__STORED DATA__.

★ ★ ★ ★ ★ ★ ★

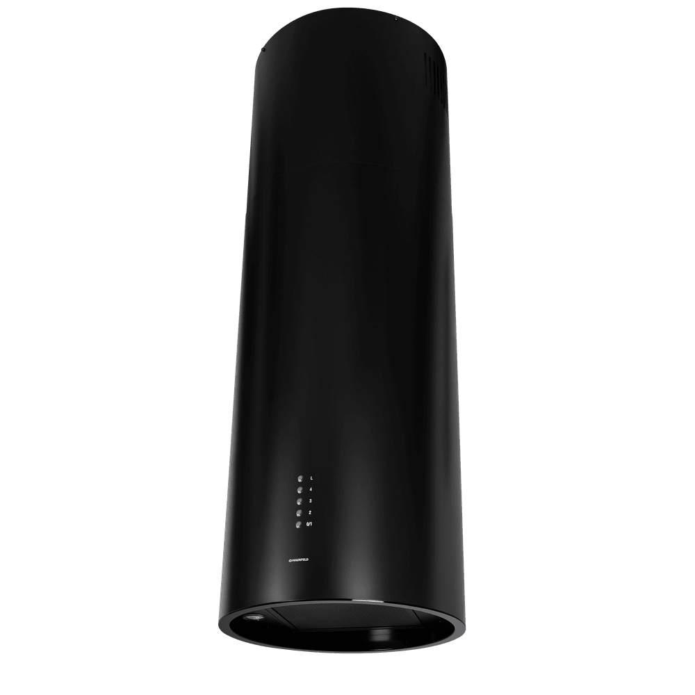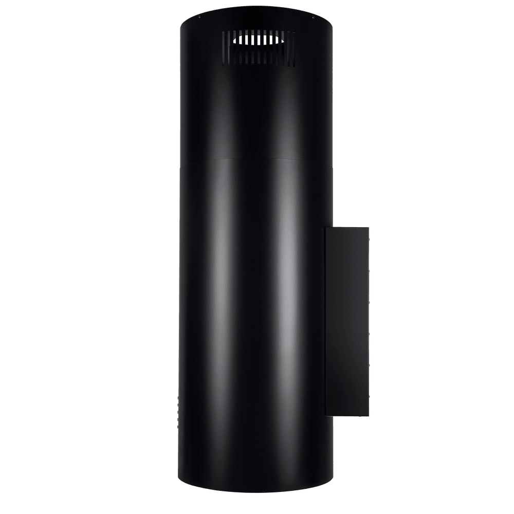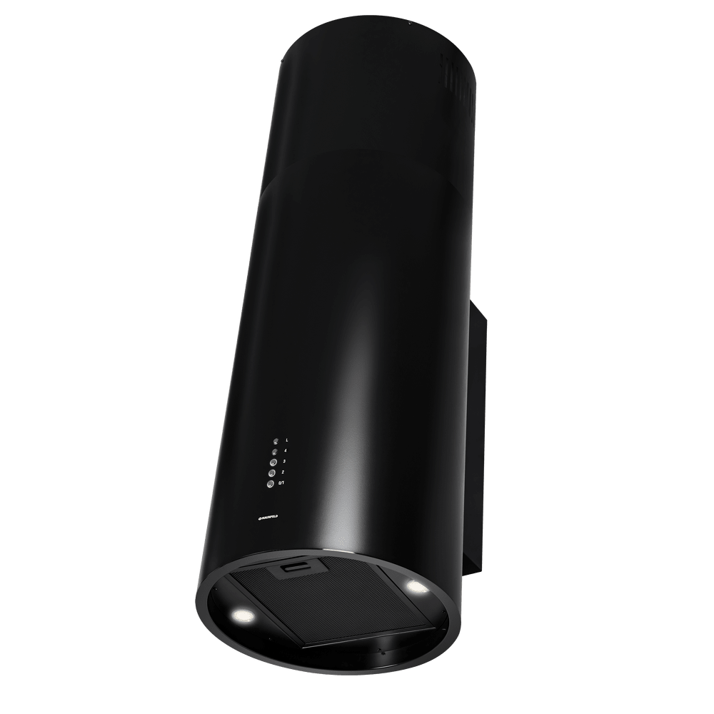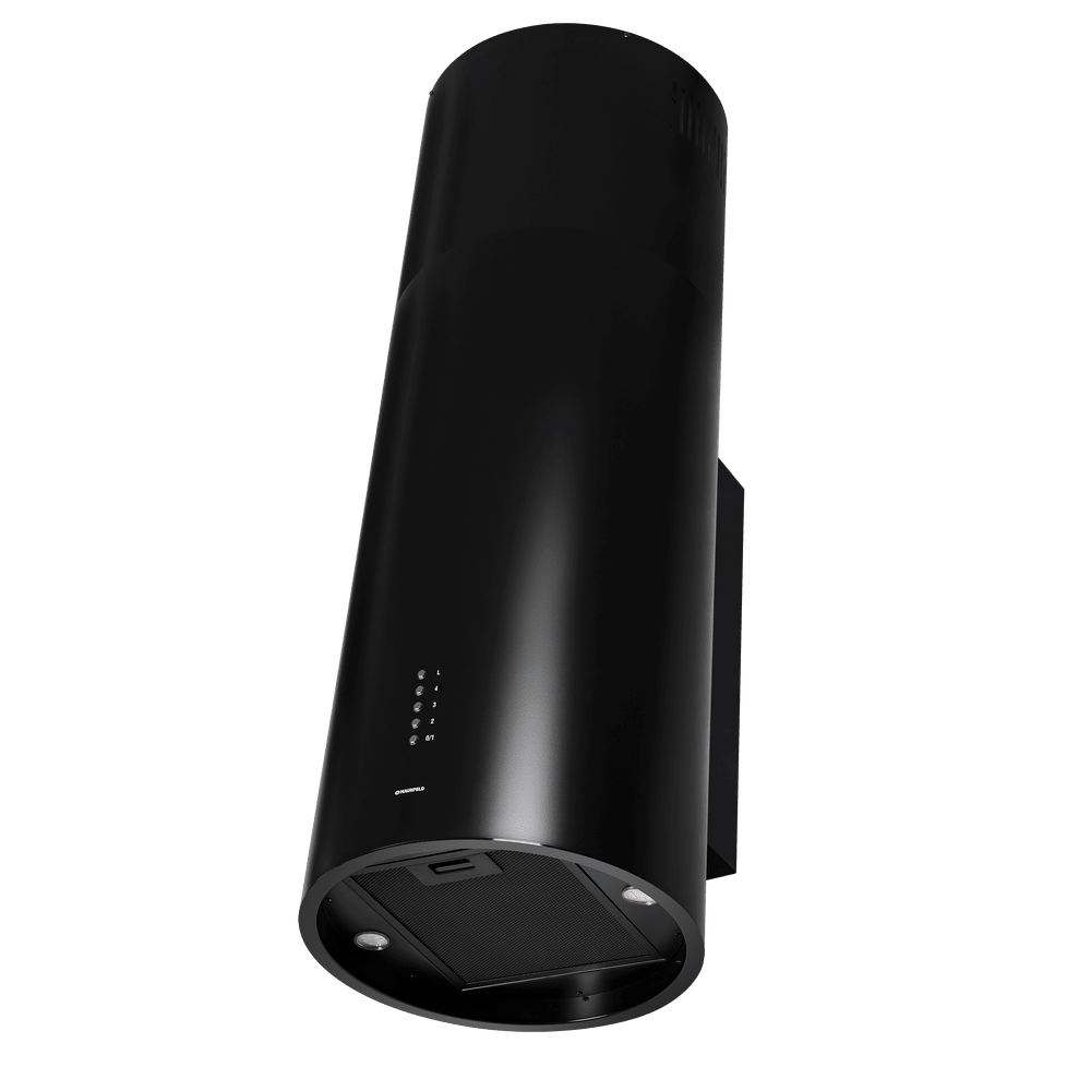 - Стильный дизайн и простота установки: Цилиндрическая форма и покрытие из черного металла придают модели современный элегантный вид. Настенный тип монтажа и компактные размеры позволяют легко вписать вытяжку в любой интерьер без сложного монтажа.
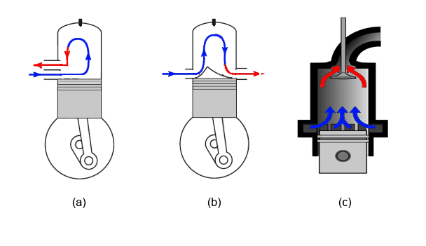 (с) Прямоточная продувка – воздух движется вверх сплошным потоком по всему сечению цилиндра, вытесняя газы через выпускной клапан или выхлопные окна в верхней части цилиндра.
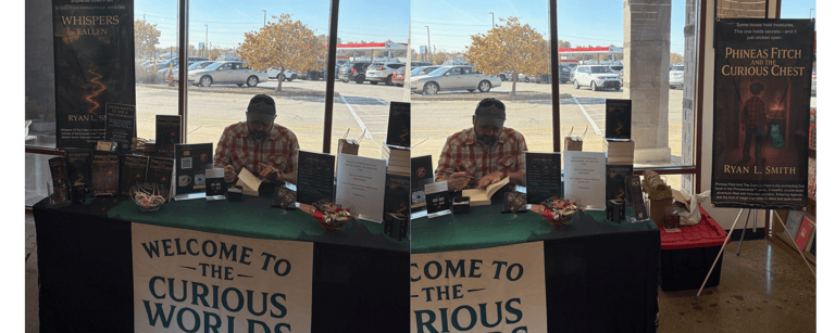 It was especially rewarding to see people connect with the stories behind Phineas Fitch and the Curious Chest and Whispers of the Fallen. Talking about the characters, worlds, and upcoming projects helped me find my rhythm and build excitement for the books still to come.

★ ★ ★ ★ ★ ★ ★

__WORK ORDER__. Each line of the listing above should be retyped exactly, with no pictures.

__SOLUTION FOR THIS EXERCISE__.
 - Стильный дизайн и простота установки: Цилиндрическая форма и покрытие из черного металла придают модели современный элегантный вид. Настенный тип монтажа и компактные размеры позволяют легко вписать вытяжку в любой интерьер без сложного монтажа.
 (с) Прямоточная продувка – воздух движется вверх сплошным потоком по всему сечению цилиндра, вытесняя газы через выпускной клапан или выхлопные окна в верхней части цилиндра.
 It was especially rewarding to see people connect with the stories behind Phineas Fitch and the Curious Chest and Whispers of the Fallen. Talking about the characters, worlds, and upcoming projects helped me find my rhythm and build excitement for the books still to come.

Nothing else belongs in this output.